Sounds like a good usecase for a @dataProvider? And maybe dedicated test methods ...

damiankloip’s picture

FileSize
35.71 KB
11.32 KB

mit data providers

dawehner’s picture

Status: Needs review » Reviewed & tested by the community
Issue tags: -Needs technical direction

Nice descriptive test methods. Thank you!

alexpott’s picture

Status: Reviewed & tested by the community » Fixed

This issue is a major task that will improve performance significantly and the disruption it introduces is limited. Per https://www.drupal.org/core/beta-changes, this is a good change to complete during the Drupal 8 beta phase. Committed dc53be5 and pushed to 8.0.x. Thanks!

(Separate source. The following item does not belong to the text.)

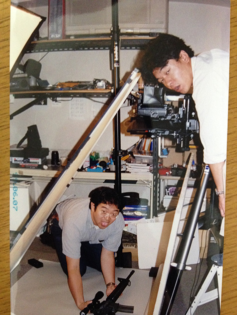 写真は1999年6月7日に撮影した紙焼き写真をスキャンしたもので、当時の撮影室で、今も撮影を担当している入社したばかりの玉カメラマンと新製品の撮影をしているところです。この時私は27歳。デジタルカメラが普及し始める前だったのでフィルムカメラで撮影しています。試行錯誤を繰り返していた時代ですが、本当に懐かしいです。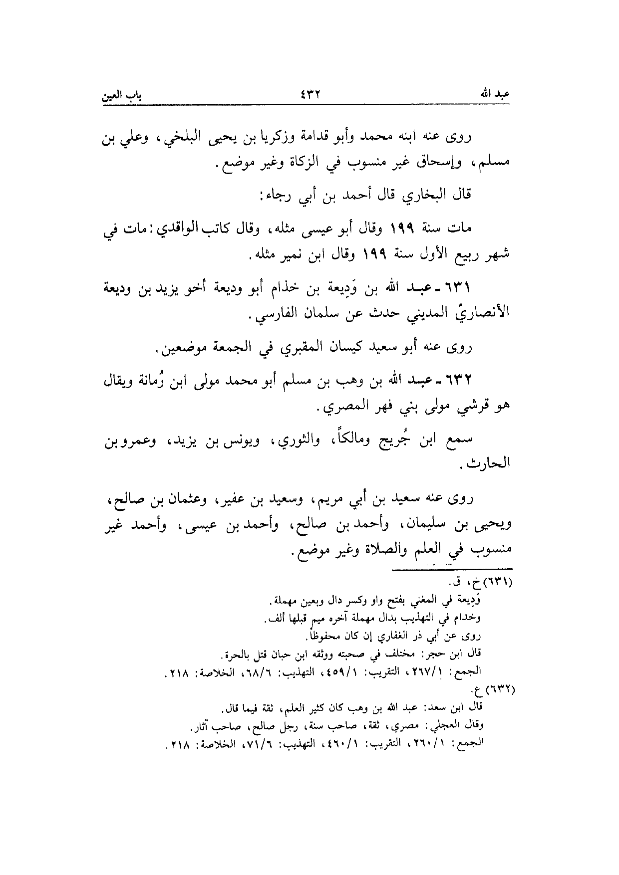 632 - عبد الله بن وهب بن مُسلم أَبُو مُحَمَّد مولَى ابْن رمانة وَيُقَال هُوَ قرشي مولَى بني فهر الْمصْرِيّ سمع ابْن جريج ومالكا وَالثَّوْري وَيُونُس بن يزِيد وَعَمْرو بن الْحَارِث رَوَى عَنهُ سعيد بن أبي مَرْيَم وَسَعِيد بن عفير وَعُثْمَان بن صَالح وَيَحْيَى بن سُلَيْمَان وَأحمد بن صَالح وَأحمد بن عِيسَى وَأحمد غير مَنْسُوب فِي الْعلم وَالصَّلَاة وَغير مَوضِع

  • alexpott committed dc53be5 on 8.0.x
    Issue #2483433 by damiankloip, Wim Leers, catch, dawehner: Optimize...
Wim Leers’s picture

Several significant loose ends were left here, resulting in both dead and inconsistent code. Created #2505171: Follow-up for #2483433, with a patch, to fix that.

  • catch committed 8114a72 on 8.0.x
    Issue #2505171 by Wim Leers: Follow-up for #2483433
    

  • catch committed 848d6b8 on 8.0.x
    Issue #2505171 by neclimdul: Follow-up for follow-up for #2483433 (...

Status: Fixed » Closed (fixed)

Automatically closed - issue fixed for 2 weeks with no activity.